As we opened today's featured wine, it occurred to me that the vignerons of the Southern Rhone could borrow this concept: You certainly don't have to be Catholic to enjoy Chateauneuf-du-Pape, but a few years spent in parochial school might ease the effort of sorting out such producers of the region as Clos des Papes ("Walled vineyard of the Popes"), Cuvee du Vatican ("The Vatican's blend"), Bosquet des Papes ("The Popes' thicket), and today's wine, Domaine Pontifical ("The Pontiff's winery").
How did all this church imagery end up on wine? It goes back to a byway of history, nearly 700 years ago, when Pope Clement V, fearing political turmoil in Rome, moved the headquarters of the Catholic church to Avignon on the Rhone, bringing along all the papal court and hangers-on ... and, of course, their thirst for good wine. They planted vineyards in the region's unusual stony soil, and made hearty red wines called Chateauneuf-du-Pape, "The new castle of the Pope."
The Papacy returned to Rome after 70 years, a period that Church historians call "the Babylonian Captivity." But the wine stayed on, and seven centuries later, still made very much in the ancient tradition, it remains an international favorite.

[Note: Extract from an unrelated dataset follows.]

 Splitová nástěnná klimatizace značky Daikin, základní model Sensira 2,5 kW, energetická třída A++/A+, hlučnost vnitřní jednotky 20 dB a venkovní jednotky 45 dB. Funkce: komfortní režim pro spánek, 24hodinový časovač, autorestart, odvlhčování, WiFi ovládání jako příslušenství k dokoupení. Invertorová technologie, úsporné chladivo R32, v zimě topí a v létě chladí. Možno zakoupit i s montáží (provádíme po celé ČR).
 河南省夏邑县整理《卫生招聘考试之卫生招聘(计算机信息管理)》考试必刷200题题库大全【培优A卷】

Chateauneuf may be made from a blend of 13 grapes, including a few white varieties; but many of them are rare today, and few producers use them all. Grenache, with its bright, berry-scented fruit, is the predominant variety, and you'll usually find the black-pepper fragrance of Syrah and the earthy notes of Mourvedre in the blend. (It's worth noting, in fact, that the popular Australian blend called "GSM" - Grenache/Syrah/Mourvedre - pays homage to the Chateauneuf tradition - and it's no coincidence that one noteworthy example of this Australian style is Melton's "Nine Popes.")

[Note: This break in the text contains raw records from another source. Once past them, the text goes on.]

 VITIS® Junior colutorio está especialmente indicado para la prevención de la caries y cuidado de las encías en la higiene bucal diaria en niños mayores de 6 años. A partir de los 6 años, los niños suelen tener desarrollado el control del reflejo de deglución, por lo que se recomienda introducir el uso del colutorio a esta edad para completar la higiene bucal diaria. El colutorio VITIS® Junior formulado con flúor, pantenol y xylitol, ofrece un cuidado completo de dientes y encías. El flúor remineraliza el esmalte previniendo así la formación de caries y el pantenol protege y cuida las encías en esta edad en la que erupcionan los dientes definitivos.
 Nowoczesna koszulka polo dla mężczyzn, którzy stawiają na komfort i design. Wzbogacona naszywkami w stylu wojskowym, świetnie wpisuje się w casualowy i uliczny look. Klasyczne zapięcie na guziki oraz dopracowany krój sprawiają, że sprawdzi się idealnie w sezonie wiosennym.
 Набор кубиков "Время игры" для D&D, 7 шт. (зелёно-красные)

For the record, the 13 permissible varieties are Bourboulenc, Cinsaut, Clairette, Counoise, Grenache, Mourvedre, Muscardin, Picardan, Picpoul, Roussanne, Syrah, Terret Noir and Vaccarese.
I'm looking forward to visiting this region again during next month's Rhone and Provence tour. Offering a heady blend of fine wine and food and intriguing history, it's a first-rate wine destination.Domaine Pontifical 1999 Chateauneuf-du-Pape ($22.99)

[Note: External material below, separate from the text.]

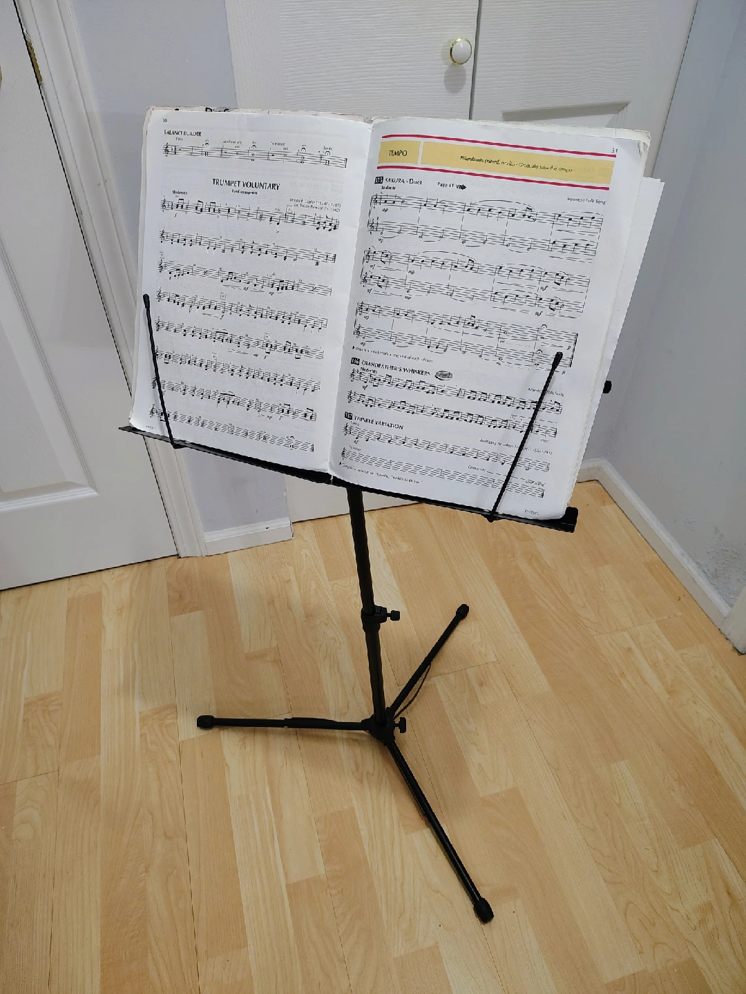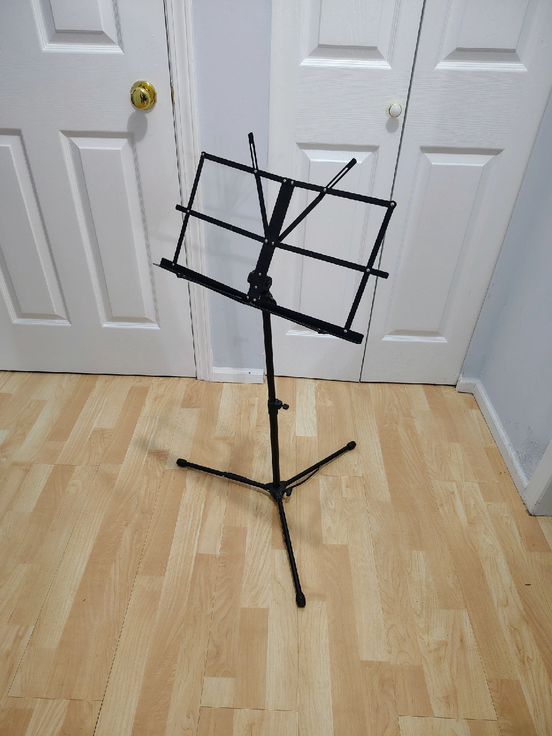 Here's a handy music sheet stand that's perfect for musicians! It's black and comes with a convenient carrying bag, making it easy to transport to rehearsals or performances

Dark ruby. Fragrant black pepper and plummy fruit fill the aroma and flavor. Ripe and full, tart and tannic flavors provide good structure and balance in a wine that may be a bit simple in youth but that shows potential to blossom with cellar time. U. S. importer: Wines of France, Inc., Mountainside, N.J. (April 20, 2002)
FOOD MATCH: The wine's peppery fruit makes it a natural with a pan-grilled T-bone steak crusted with black pepper.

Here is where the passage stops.